**Material provided:**
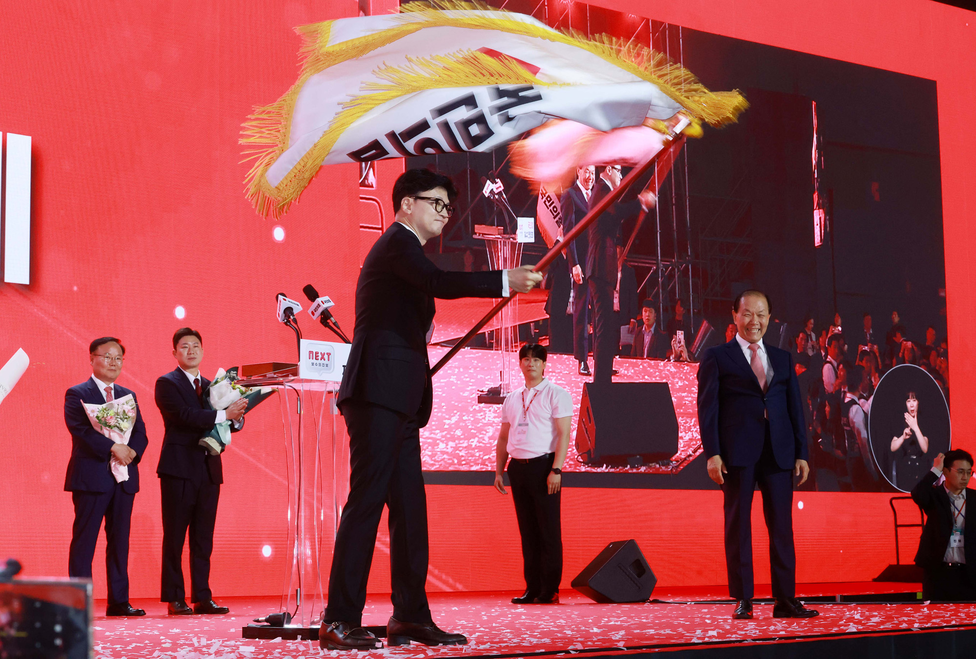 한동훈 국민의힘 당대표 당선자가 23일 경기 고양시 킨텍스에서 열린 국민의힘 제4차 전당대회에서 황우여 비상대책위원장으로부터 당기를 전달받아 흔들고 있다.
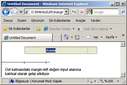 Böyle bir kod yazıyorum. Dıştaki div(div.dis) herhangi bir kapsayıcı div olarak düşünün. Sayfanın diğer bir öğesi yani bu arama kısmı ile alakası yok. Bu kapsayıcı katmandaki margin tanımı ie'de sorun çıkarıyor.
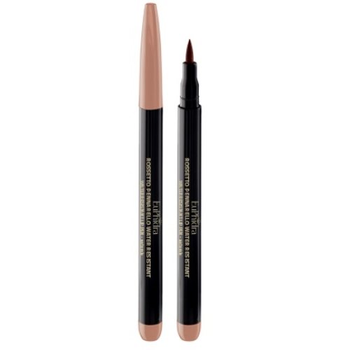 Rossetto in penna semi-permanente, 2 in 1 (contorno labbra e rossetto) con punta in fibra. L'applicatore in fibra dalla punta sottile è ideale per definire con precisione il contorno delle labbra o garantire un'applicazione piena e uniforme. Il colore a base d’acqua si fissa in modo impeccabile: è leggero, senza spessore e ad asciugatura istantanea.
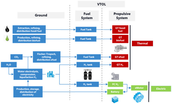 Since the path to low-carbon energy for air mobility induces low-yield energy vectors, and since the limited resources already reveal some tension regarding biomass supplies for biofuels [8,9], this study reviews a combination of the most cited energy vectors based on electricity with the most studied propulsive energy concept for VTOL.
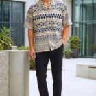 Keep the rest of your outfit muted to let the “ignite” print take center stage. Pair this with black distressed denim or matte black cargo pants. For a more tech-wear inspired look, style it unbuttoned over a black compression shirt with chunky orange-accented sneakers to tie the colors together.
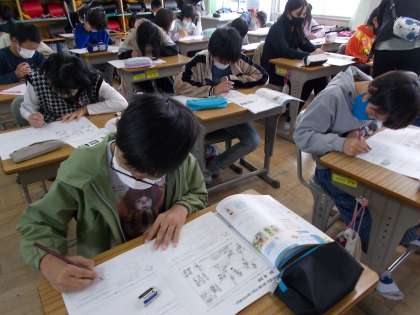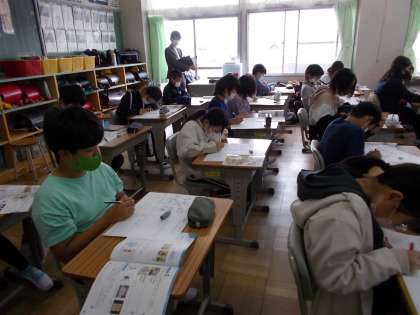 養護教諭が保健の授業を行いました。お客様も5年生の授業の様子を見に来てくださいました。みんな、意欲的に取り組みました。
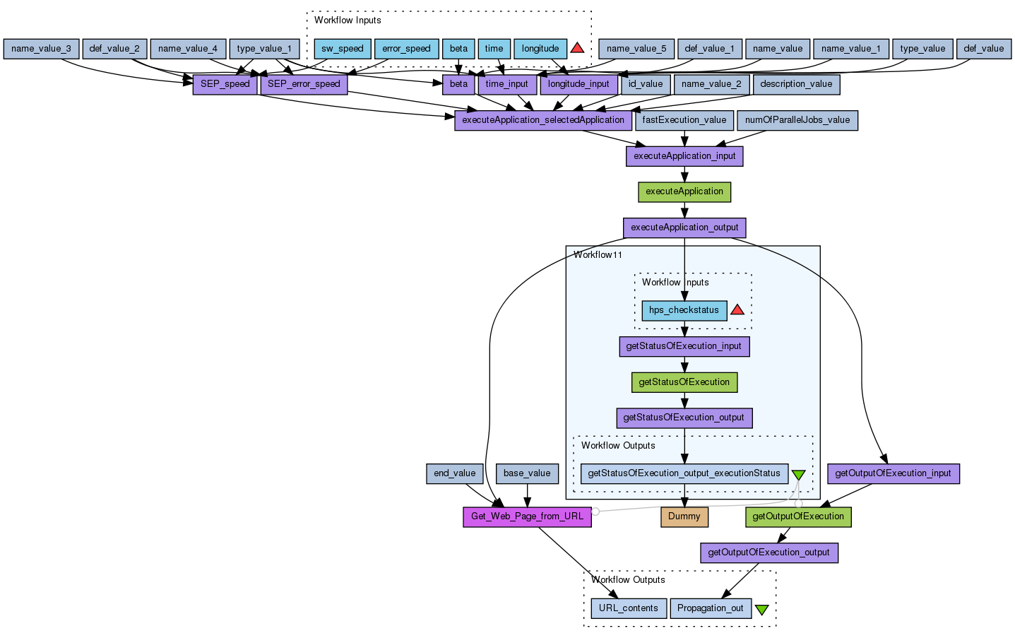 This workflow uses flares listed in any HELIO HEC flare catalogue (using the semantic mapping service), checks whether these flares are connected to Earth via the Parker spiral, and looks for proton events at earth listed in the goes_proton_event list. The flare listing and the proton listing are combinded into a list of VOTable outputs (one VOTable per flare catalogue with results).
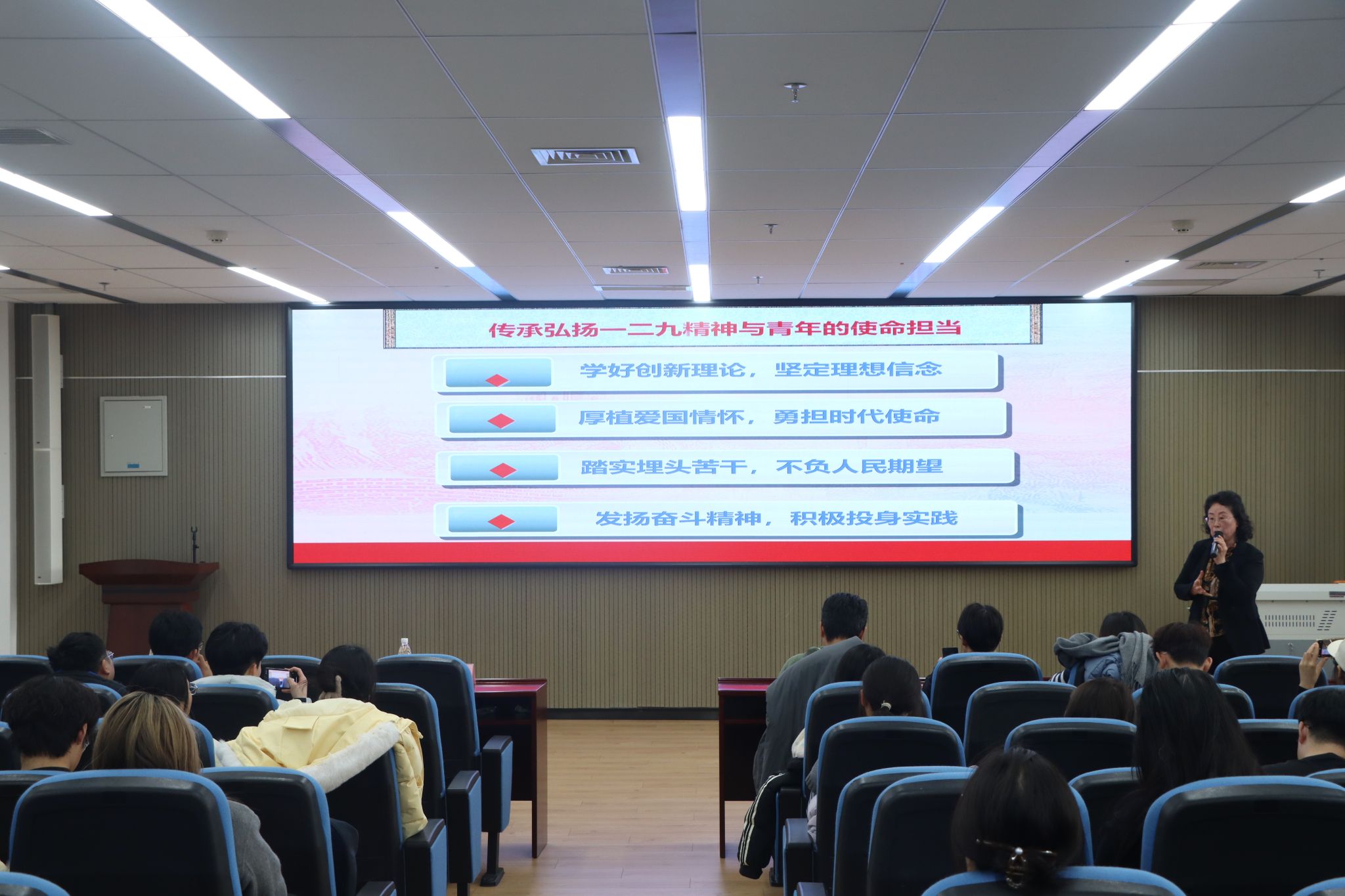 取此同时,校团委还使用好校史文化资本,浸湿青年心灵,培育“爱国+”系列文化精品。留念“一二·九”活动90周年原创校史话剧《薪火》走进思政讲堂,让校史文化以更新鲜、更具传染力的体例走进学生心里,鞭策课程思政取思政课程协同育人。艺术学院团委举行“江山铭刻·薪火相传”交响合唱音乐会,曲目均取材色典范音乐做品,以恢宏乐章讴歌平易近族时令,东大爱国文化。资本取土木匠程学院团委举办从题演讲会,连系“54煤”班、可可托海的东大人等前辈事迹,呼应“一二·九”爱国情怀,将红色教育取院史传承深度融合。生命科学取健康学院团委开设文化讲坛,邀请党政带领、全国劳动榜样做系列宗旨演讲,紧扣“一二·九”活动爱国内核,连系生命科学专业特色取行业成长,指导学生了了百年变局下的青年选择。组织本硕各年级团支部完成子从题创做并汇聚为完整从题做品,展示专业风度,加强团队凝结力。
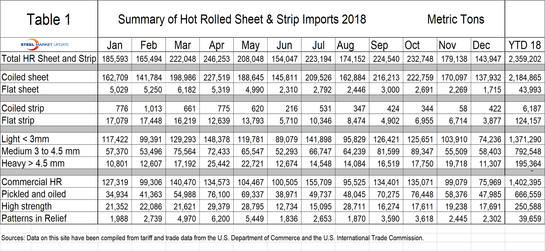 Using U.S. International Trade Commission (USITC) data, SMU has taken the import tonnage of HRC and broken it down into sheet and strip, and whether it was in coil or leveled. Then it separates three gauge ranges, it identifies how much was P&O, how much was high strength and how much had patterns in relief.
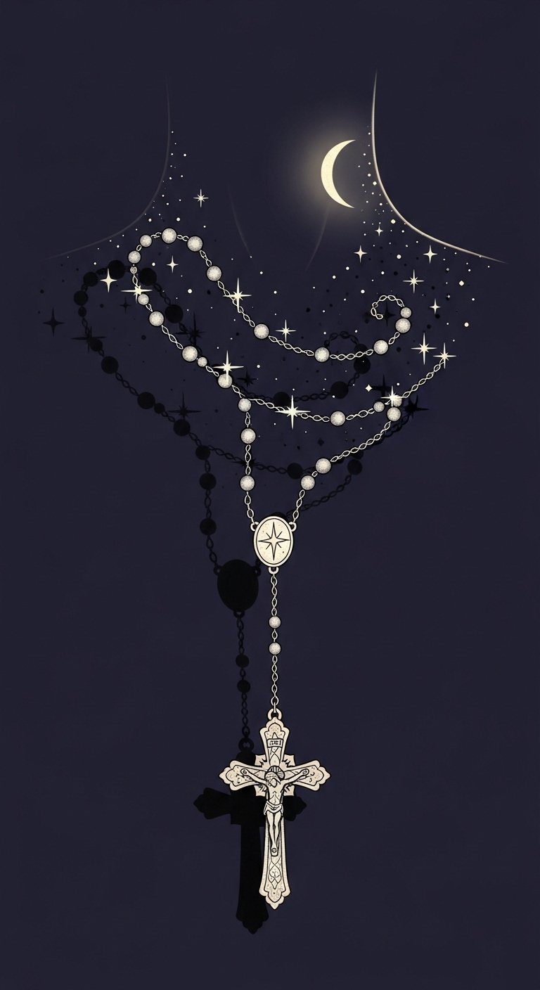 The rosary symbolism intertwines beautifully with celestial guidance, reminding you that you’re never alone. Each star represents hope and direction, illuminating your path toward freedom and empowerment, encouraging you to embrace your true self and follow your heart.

**About this exercise:**
An exact restatement of the entries above is needed; no picture may appear in it.

**Response box:**
 한동훈 국민의힘 당대표 당선자가 23일 경기 고양시 킨텍스에서 열린 국민의힘 제4차 전당대회에서 황우여 비상대책위원장으로부터 당기를 전달받아 흔들고 있다.
 Böyle bir kod yazıyorum. Dıştaki div(div.dis) herhangi bir kapsayıcı div olarak düşünün. Sayfanın diğer bir öğesi yani bu arama kısmı ile alakası yok. Bu kapsayıcı katmandaki margin tanımı ie'de sorun çıkarıyor.
 Rossetto in penna semi-permanente, 2 in 1 (contorno labbra e rossetto) con punta in fibra. L'applicatore in fibra dalla punta sottile è ideale per definire con precisione il contorno delle labbra o garantire un'applicazione piena e uniforme. Il colore a base d’acqua si fissa in modo impeccabile: è leggero, senza spessore e ad asciugatura istantanea.
 Since the path to low-carbon energy for air mobility induces low-yield energy vectors, and since the limited resources already reveal some tension regarding biomass supplies for biofuels [8,9], this study reviews a combination of the most cited energy vectors based on electricity with the most studied propulsive energy concept for VTOL.
 Keep the rest of your outfit muted to let the “ignite” print take center stage. Pair this with black distressed denim or matte black cargo pants. For a more tech-wear inspired look, style it unbuttoned over a black compression shirt with chunky orange-accented sneakers to tie the colors together.
 養護教諭が保健の授業を行いました。お客様も5年生の授業の様子を見に来てくださいました。みんな、意欲的に取り組みました。
 This workflow uses flares listed in any HELIO HEC flare catalogue (using the semantic mapping service), checks whether these flares are connected to Earth via the Parker spiral, and looks for proton events at earth listed in the goes_proton_event list. The flare listing and the proton listing are combinded into a list of VOTable outputs (one VOTable per flare catalogue with results).
 取此同时,校团委还使用好校史文化资本,浸湿青年心灵,培育“爱国+”系列文化精品。留念“一二·九”活动90周年原创校史话剧《薪火》走进思政讲堂,让校史文化以更新鲜、更具传染力的体例走进学生心里,鞭策课程思政取思政课程协同育人。艺术学院团委举行“江山铭刻·薪火相传”交响合唱音乐会,曲目均取材色典范音乐做品,以恢宏乐章讴歌平易近族时令,东大爱国文化。资本取土木匠程学院团委举办从题演讲会,连系“54煤”班、可可托海的东大人等前辈事迹,呼应“一二·九”爱国情怀,将红色教育取院史传承深度融合。生命科学取健康学院团委开设文化讲坛,邀请党政带领、全国劳动榜样做系列宗旨演讲,紧扣“一二·九”活动爱国内核,连系生命科学专业特色取行业成长,指导学生了了百年变局下的青年选择。组织本硕各年级团支部完成子从题创做并汇聚为完整从题做品,展示专业风度,加强团队凝结力。
 Using U.S. International Trade Commission (USITC) data, SMU has taken the import tonnage of HRC and broken it down into sheet and strip, and whether it was in coil or leveled. Then it separates three gauge ranges, it identifies how much was P&O, how much was high strength and how much had patterns in relief.
 The rosary symbolism intertwines beautifully with celestial guidance, reminding you that you’re never alone. Each star represents hope and direction, illuminating your path toward freedom and empowerment, encouraging you to embrace your true self and follow your heart.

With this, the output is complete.